◆ **Requirement**:
The output must be exactly the lines from the "الروائي إبراهيم عبد" line through the end of the listing below, with no picture included.

◆ **Exercise data**:
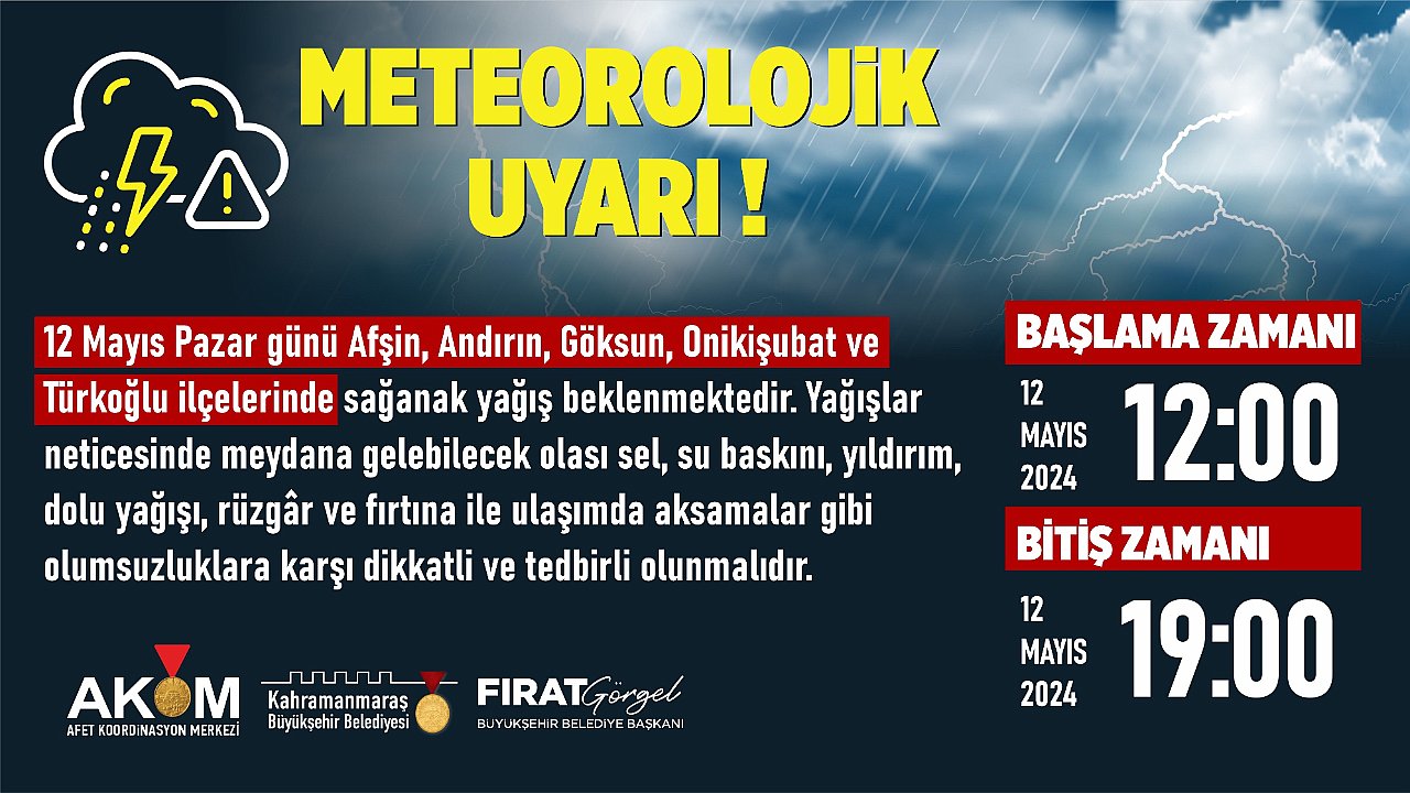 Kahramanmaraş Büyükşehir Belediyesi Afet Koordinasyon Merkezi (AKOM), 12 Mayıs Pazar günü Afşin, Andırın, Göksun, Onikişubat ve Türkoğlu’nda sağanak yağışların etkili olacağını duyurdu. Pazar günü öğle saatlerinde başlaması beklenen yağışların akşam saatlerine kadar devam edeceği öngörülüyor.
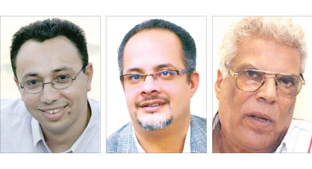 الروائي إبراهيم عبد المجيد صاحب دار «بيت الياسمين» و الكاتب والمترجم طاهر البربري صاحب دار «أرابيسك» و الشاعر فارس خضر صاحب دار «الأدهم»
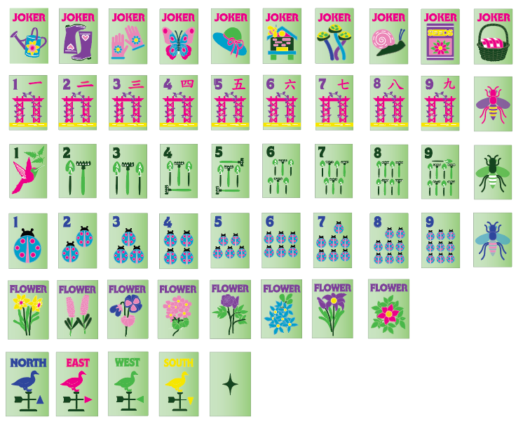 Tiles include: 160 Acrylic Tiles; 1-9 Bams, Craks, and Dots (4 of each) = 108; NEWS (4 of each)= 16; Red, Green, and White Dragons (4 of each) = 12; Flowers = 8; Jokers = 10; Blanks = 6.
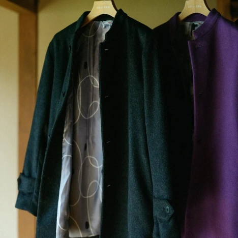 立ち襟着丈もよく、ゆったり着ることができます。生地と裏地どちらも品あり、スッキリとしたデザイン。
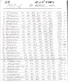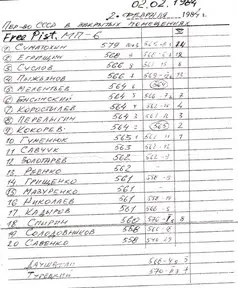 Below you can see copies of the pages of my coaching diary from year 1984 with Free Pistol results.
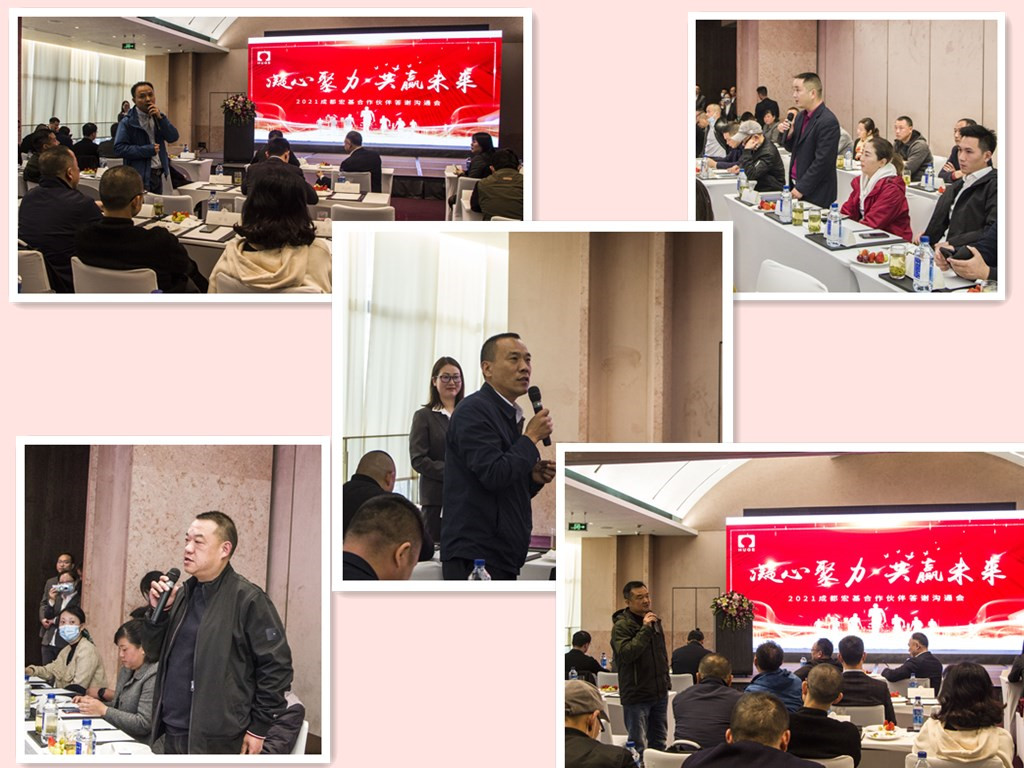 2021年3月25日,成都宏基合作伙伴答謝溝通會在凱賓斯基酒店舉行。公司董事長兼總裁吳逸云先生攜高管團隊、物資、生產(chǎn)系統(tǒng)同事出席,近七十位供應(yīng)、服務(wù)合作伙伴應(yīng)邀赴會。
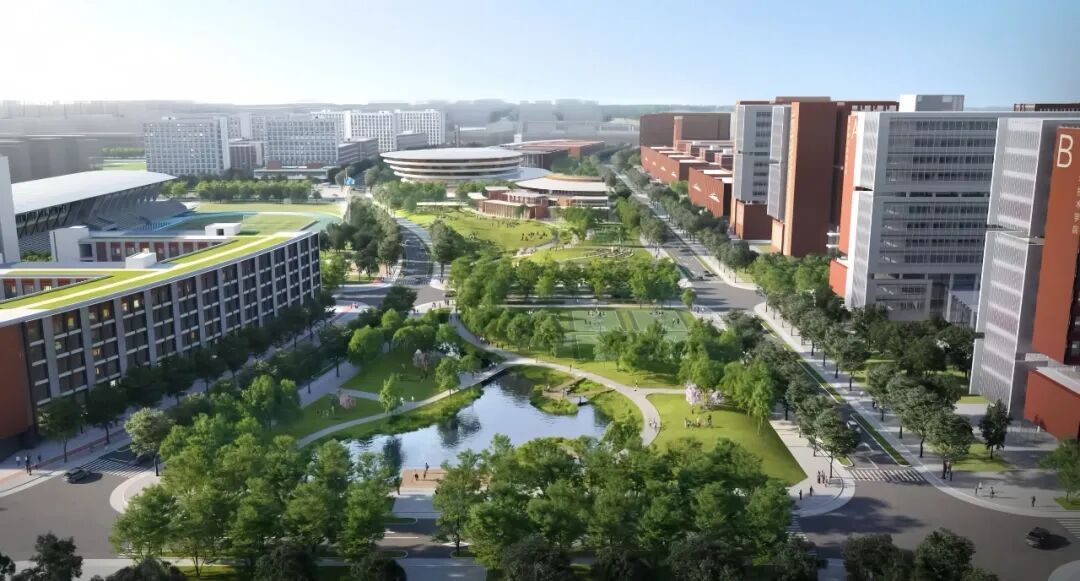 一期项目以“十字联城,轴带共长,化直为曲,合理布局”为设计理念,从“联城、绿脊、构园、延脉、弹性、匠韵、碳汇”七个维度思考生态为基、人文为本、创新为魂的未来校园新模式, 致力于实现“城市窗口”与“生态绿肺”双效合一,打造国际化学术高地,构筑友好式活力校园,树立智慧化生态典范。
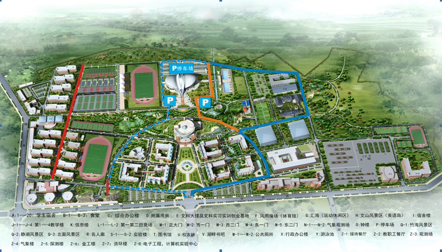 大型车辆:正大门---行政办公楼---信息楼---国际会议厅北入口——体育馆---第二运动场路口——图书馆后门沿荷花池路口——第一田径场——20栋路口左转——正大门驶离。

◆ **Written response**:
 الروائي إبراهيم عبد المجيد صاحب دار «بيت الياسمين» و الكاتب والمترجم طاهر البربري صاحب دار «أرابيسك» و الشاعر فارس خضر صاحب دار «الأدهم»
 Tiles include: 160 Acrylic Tiles; 1-9 Bams, Craks, and Dots (4 of each) = 108; NEWS (4 of each)= 16; Red, Green, and White Dragons (4 of each) = 12; Flowers = 8; Jokers = 10; Blanks = 6.
 立ち襟着丈もよく、ゆったり着ることができます。生地と裏地どちらも品あり、スッキリとしたデザイン。
 Below you can see copies of the pages of my coaching diary from year 1984 with Free Pistol results.
 2021年3月25日,成都宏基合作伙伴答謝溝通會在凱賓斯基酒店舉行。公司董事長兼總裁吳逸云先生攜高管團隊、物資、生產(chǎn)系統(tǒng)同事出席,近七十位供應(yīng)、服務(wù)合作伙伴應(yīng)邀赴會。
 一期项目以“十字联城,轴带共长,化直为曲,合理布局”为设计理念,从“联城、绿脊、构园、延脉、弹性、匠韵、碳汇”七个维度思考生态为基、人文为本、创新为魂的未来校园新模式, 致力于实现“城市窗口”与“生态绿肺”双效合一,打造国际化学术高地,构筑友好式活力校园,树立智慧化生态典范。
 大型车辆:正大门---行政办公楼---信息楼---国际会议厅北入口——体育馆---第二运动场路口——图书馆后门沿荷花池路口——第一田径场——20栋路口左转——正大门驶离。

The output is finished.